Dermot shook his head. This was harder than he had imagined.
“I’m not a hard man, Miss Margaret, God knows, but I do need to tell you that, if another cheque bounces – well – I’m afraid that’s it. I really don’t have any choice. You and Miss Cissy, I’m afraid, will have to – go.”
Margaret looked at Cissy and then turned to stare at Dermot.
“Go?” she said. The word went through Dermot like a lance. “Go where, might I ask?”
Cissy passed wind with a squeak but this time she did not smile.
“I – I don’t know where, Miss Margaret. That would be up to you.”
The elder sister looked at him in frank amazement.
“But we do not have anywhere else to “go”, as you so crudely put it. We sold our house all those years ago, when we came to live here, when we made this our – home. My sister and I are not “going” anywhere.”
With a long sigh and a scratch of his head, Dermot tried again.
“Miss Margaret, you must see my position. I’m not a charity. I simply can’t afford to keep people here free of charge. I am running a business, after all.”
Cissy nodded in agreement and Margaret glared at her.
“You would do that? After all the years we’ve been here? After all the money we’ve paid? Oh, how times change. It certainly would not have been like this in your father’s day.”
“I know,” Dermot said. “That’s why he nearly went bankrupt. And while we’re on the subject of money, Miss Margaret, I have to say that your monthly rate has not gone up by one penny in over five years. I mean, if I was to charge you the proper rate, it would be about another ten or fifteen percent at least.”
Margaret looked at him as if she had never stooped to doing anything so common as calculating a percentage. Her sister looked blank and said, “Ten percent.”
“Mr McAllister, I do not wish to hear another word. I will speak to my advisers forthwith.”
“Is that sooner or later than this afternoon?” he asked.
Ignoring this remark, the elder Miss Garrison tapped her sister on the arm and indicated the door, while Dermot gently fanned himself with a sheaf of bills. But Cissy did not depart without leaving a final memento, and Dermot made a mental note to have Mrs Megarrity crush a few charcoal tablets into the younger Miss Garrison’s food – if the two sisters were still around, that is.
Margaret Garrison strode through the foyer towards the front door, Burberry buttoned to the neck and yellow sou’wester pulled tight around her head. Mr Pointerly approached, swiftly removing his hat.
“Do forgive me, Margaret,” he said very quietly, “but I couldn’t help – well – overhearing some of your earlier conversation with Mr McAllister, regarding your little financial difficulties.”
Miss Margaret glared at him as at one who had been caught loitering in public toilets, but Pointerly pressed on.
“I’m not a rich man, as I’m sure you know, but – well, I do have more than enough for my needs, and I would deem it an honour, indeed, a privilege, if you would allow me to – ”
Margaret’s upraised hand stopped the words in his throat.
“Enough, Mr Pointerly! Do not say another word! There has been a minor administrative error by the guardians of my late father’s estate. Nothing more. And I would be thankful if this matter would now become what it should have remained all along, private and confidential.” She started for the door. “We are now going for a walk.”

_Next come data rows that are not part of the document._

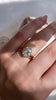 This stone is an amazing antique find! A hybrid of an old mine cut, a kite, and an oval for a one of a kind find with a more organic shape. We set this bright and vibrant stone in a clean and minimal 6-prong yellow gold ring so as not to distract from the stone's uniqueness!
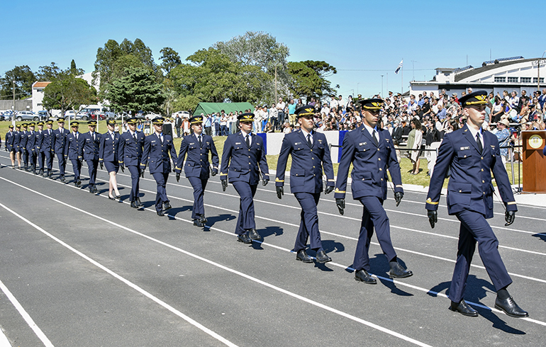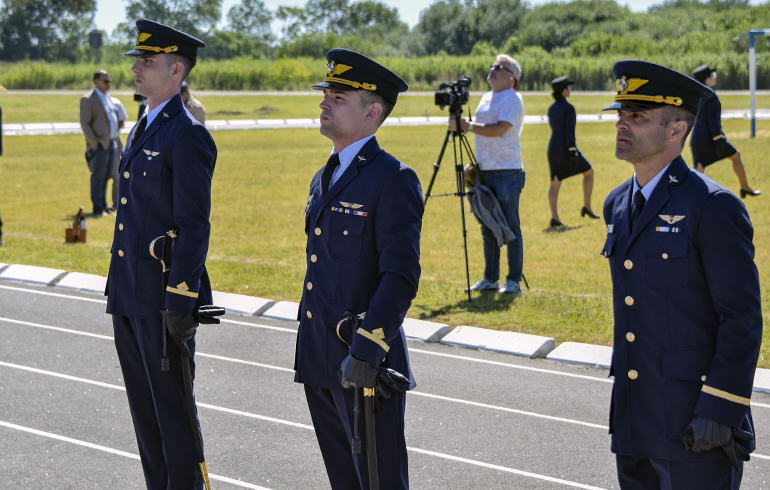 Asimismo, participaron ex comandantes en jefe de la Fuerza Aérea Uruguaya, personal superior en actividad y retiro, agregados de defensa y aeronáuticos acreditados ante el país, embajadores de naciones amigas, familiares de los egresados e invitados especiales, quienes acompañaron con orgullo y emoción este trascendente acontecimiento.
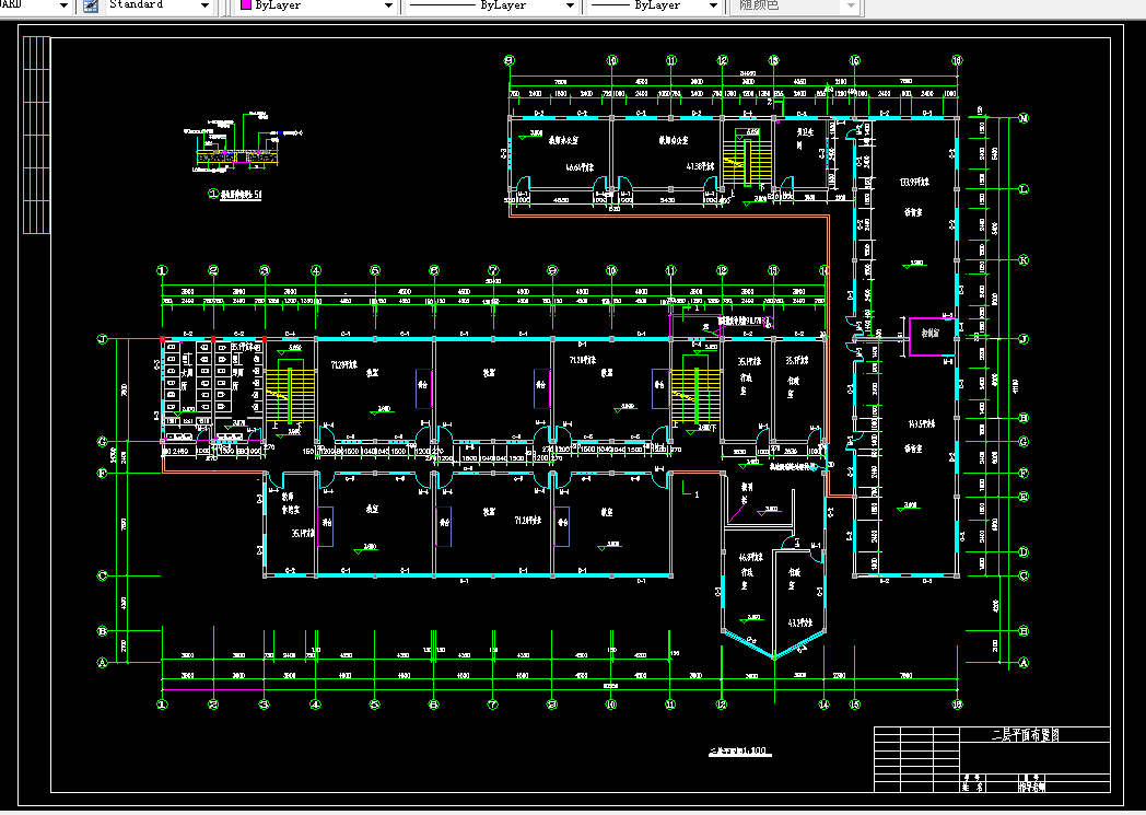 ③语音教室、微机教室 各 2间 143.50 m2 、 133.99 m2 含辅助房间:35.1 m2
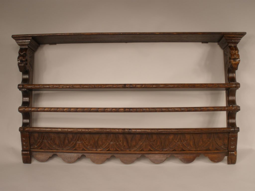 Old ornate carved plate rack with lion head carvings purchased from John Grafe at the Ear Elephant , 27 1/4 h 48 w Old ornate carved plate rack with lion head carvings purchased from John Grafe at the Ear Elephant , 27 1/4 h 48 w
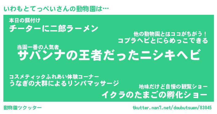 | 2回繰り返すあだ名 | 『いわいわ』『いいわわ』『ぎしぎし』 |
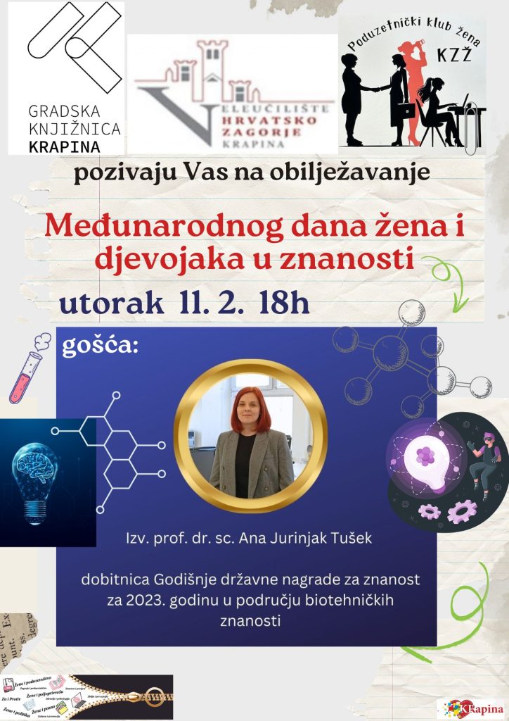 Gradska knjižnica Krapina, Veleučilište Hrvatsko zagorje Krapina i Poduzetnički klub žena KZŽ pozivaju vas na obilježavanje Međunarodnog dana žena i djevojaka u znanosti.
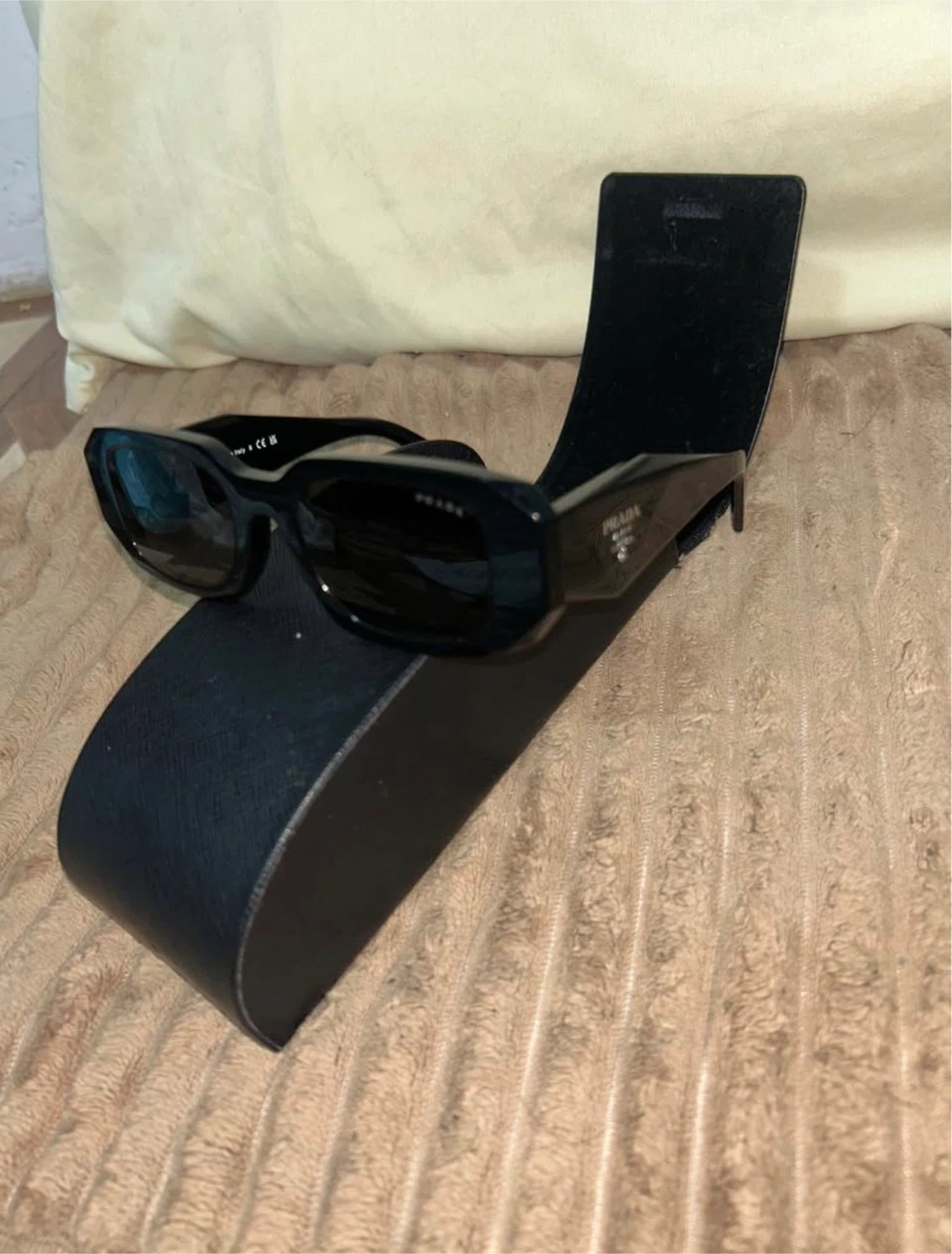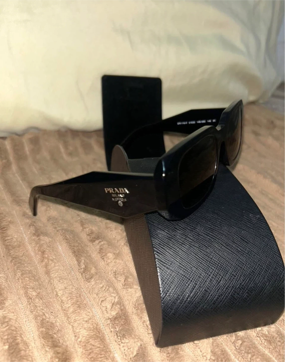 Black Prada sunglasses. Includes original case. Made in Italy. Style is sleek and modern.

Mr Pointerly hastily drew aside, hat pressed to his chest, his features crestfallen at the manner of the rebuff. As she passed the coat stand, without pausing in her stride Margaret swept two walking sticks from it and tapped one against the leg of Cissy who, similarly attired to her sister, let out another riffle of wind as she struggled to open the heavy front door. Outside, the rain fell straight and heavy.
“But it’s raining, Margaret,” the old man said, stupidly pointing.
“A little rain, Mr Pointerly, never stopped a Garrison,” she said, and the two women marched out abreast, leaving the door wide open behind them.
Ten minutes later, Dermot looked up from his pile of papers on hearing the wailing sound that came from the direction of the kitchen. He listened. Then it came again, more distinct as words now, although he could not make out their meaning. What he could make out was that the noise emanated from the Winter Cook, and she was heading his way. He had barely laid down his pen and stood up when there was a thudding of feet on the floorboards and she was standing in his doorway, one hand at her throat, the other grasping the sleeve of her brother’s jacket, her great chest heaving and wobbling beneath her black jumper. Limpy stood beside her smiling broadly, the prize exhibit.
“Oh, Mr McAllister, God save us,” she panted, “you wouldn’t believe what’s happened!”
“What, Mrs Megarrity? What’s happened?”
“Oh, you wouldn’t believe it! I swear to God, you wouldn’t!”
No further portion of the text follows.